When benchmarking collective operations, we’re interested in measuring KPIs using terminology tied to the application level, independent of underlying transport. We start with understanding key concepts the application operates to establish the terminology and then connect the application concepts to underlying transport implementation to help us understand relationships.

Application Layer

Collective operations in an AI cluster are performed by a Collective Operations Library (CCL). In HPC clusters, a similar role is performed by MPI; however, this document focuses on CCL, whose terminology may differ.

A diagram of a diagram AI-generated content may be incorrect.

Figure 1. CCL Layer

Let’s start with a short summary of Benchmarking Collective Operations post. A CCL’s job is to perform a Collective Operation (AllReduce, etc.) on data that resides in memory on multiple GPUs. Each CCL instance has an identifier in a cluster, called a Rank. Total number of ranks participating in the collective operation could be called Collective Size N. The amount of data in the memory of a rank is called Data Size S. In HPC/MPI applications that amount is called Message Size, but when it comes to network engineering for AI clusters such term quickly becomes overloaded, as you will see in the transport section below.

The time it takes for a collective operation to complete should be called a Collective Completion Time (CCT) to be very specific and differentiate from a larger Job Completion Time, as an AI job also has computations as well as multiple communications. We measure CCT across all the ranks as time difference between the first rank to start and the last rank to finish. In comparison, this term in HPC/MPI is called latency, but again, when it comes to network engineering, such term overlaps with packet latency.

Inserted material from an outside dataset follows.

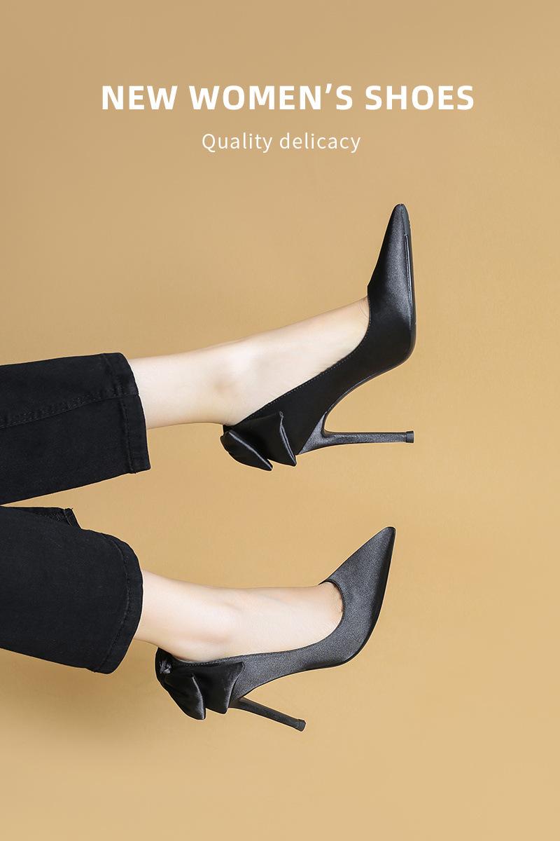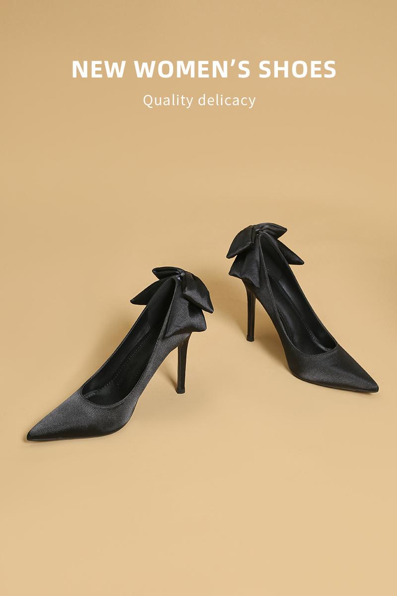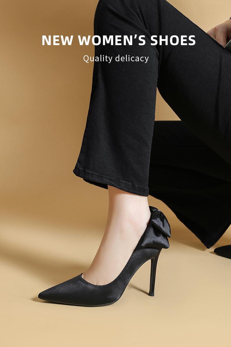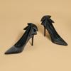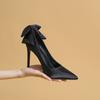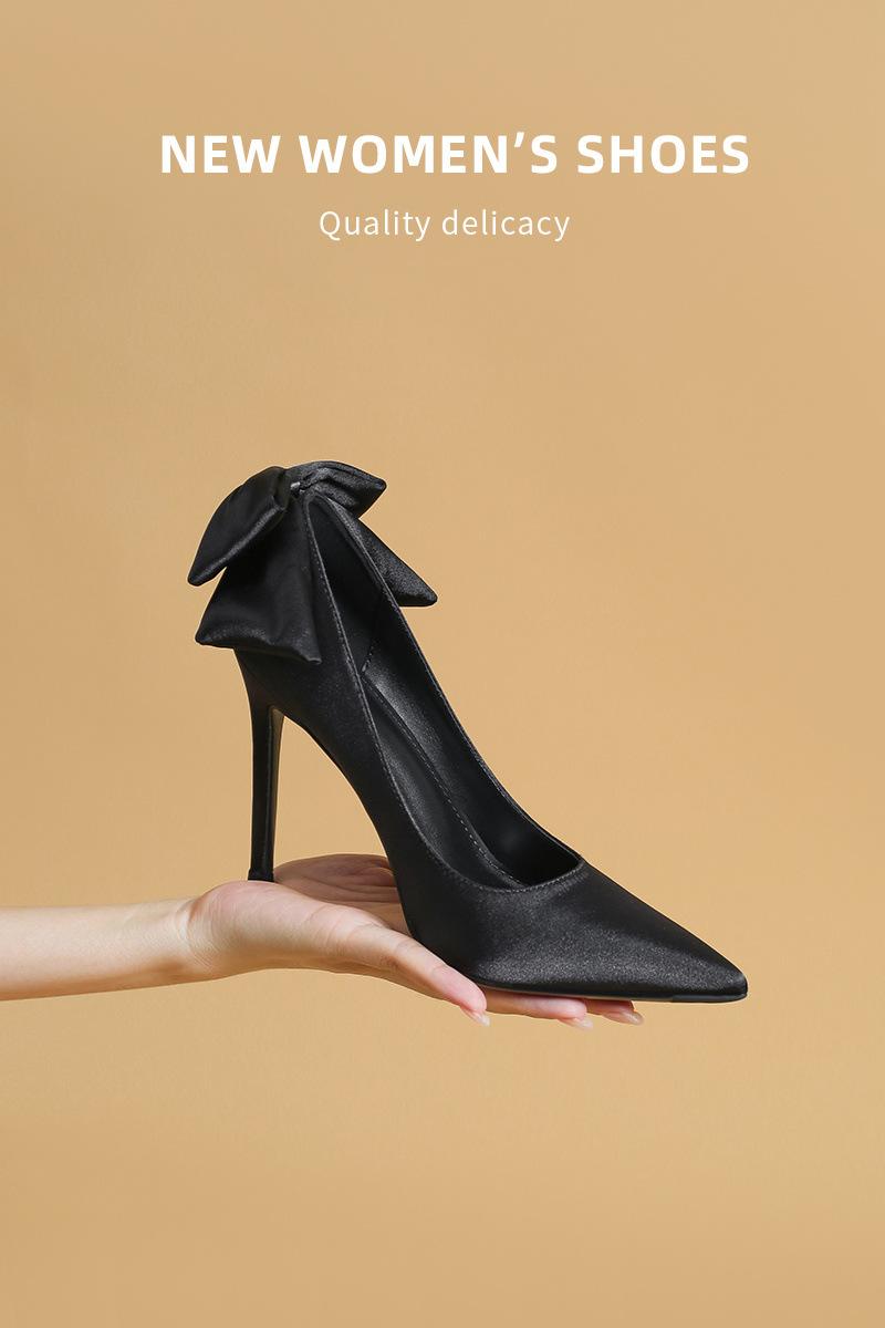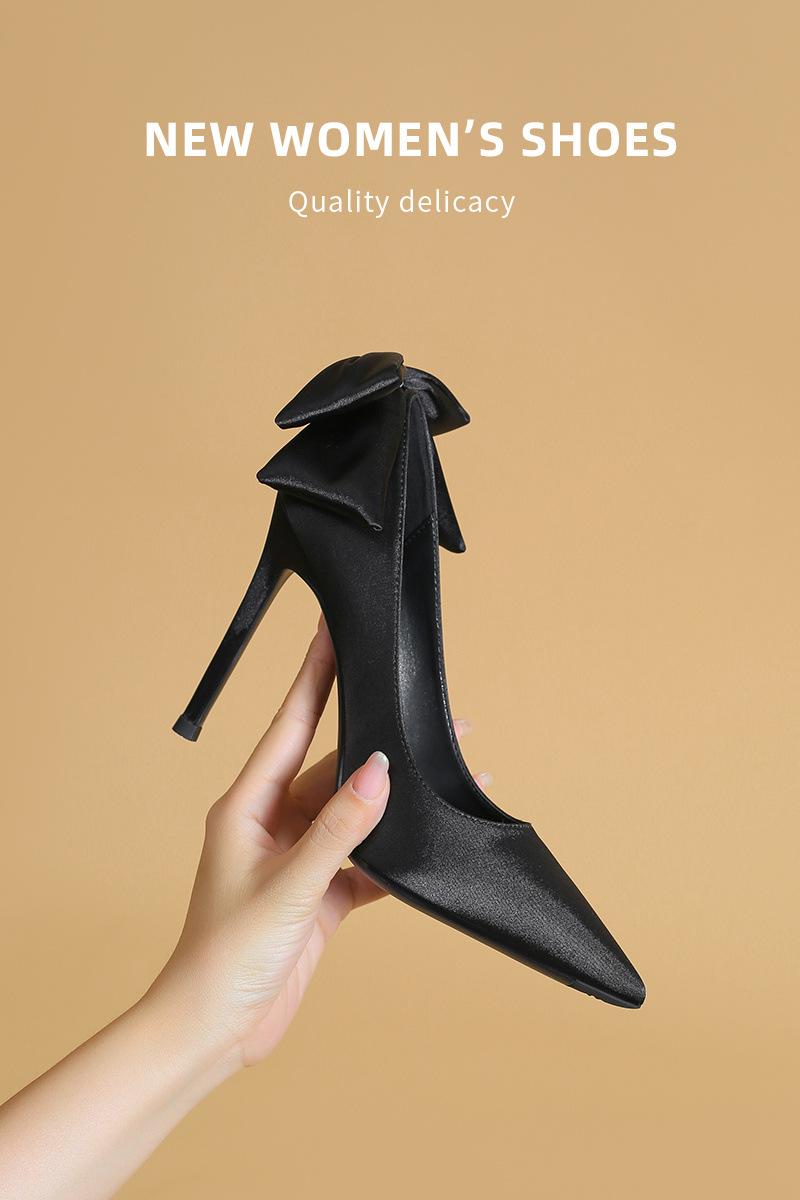Zapatos de novia negros de tacón alto de aguja puro para mujer, con lazo para dama de honor, para banquete, de doble uso, sencillos, 2024

Depending on the collective algorithm, parts of that data will need to be moved between the ranks in a fashion choreographed by the CCL. For example, for AlltoAll, it would be divided into N parts, and each part (chunk) of size C = S/N would be sent by each rank to the corresponding N destination rank. These parts can be called Algorithmic Rank-Chunks, or simpler, Rank-Chunks. The number of chunks is determined by the algorithm, and chunks are sequentially numbered on each rank. For AllReduce Ring, chunks of size C = S/N move according to the ring schedule. In these examples, the number of algorithmic rank-chunks per rank is equal to N. This property is algorithm specific and MUST NOT be assumed for all collective algorithms.

For operations that perform data reduction, the CCL must not only to receive the chunks from other ranks but also use compute (GPU) to perform the reduction function. To improve efficiency, the chunks could be subdivided into smaller, fixed-size slices, and as long as a slice is received, it could be reduced locally and then forwarded to the next rank. This approach is called a data pipeline, and the fixed-size slices are called pipelined slices.

Pipelined Slice: A fixed-size subdivision of an algorithmic rank-chunk introduced by the CCL implementation to improve the operation performance. The slice size is library-specific and can vary depending on the algorithm and other parameters.

Transport Semantics

The CCL application running on each rank needs to copy the slices to the memory of other ranks. It would call into a Transport API (e.g. RDMA) to perform that efficiently using hardware acceleration. The RDMA libraries provide transport verbs that define the semantic layer. Key function of the transport semantics layer is to enable addressing of the memory regions of the receiver so that data ends up in the correct place. The way memory addressing works depends on the library and underlying transport protocol. There are common elements among them, including buffer offset that represents displacement from the start of the receiver’s collective operation memory buffer.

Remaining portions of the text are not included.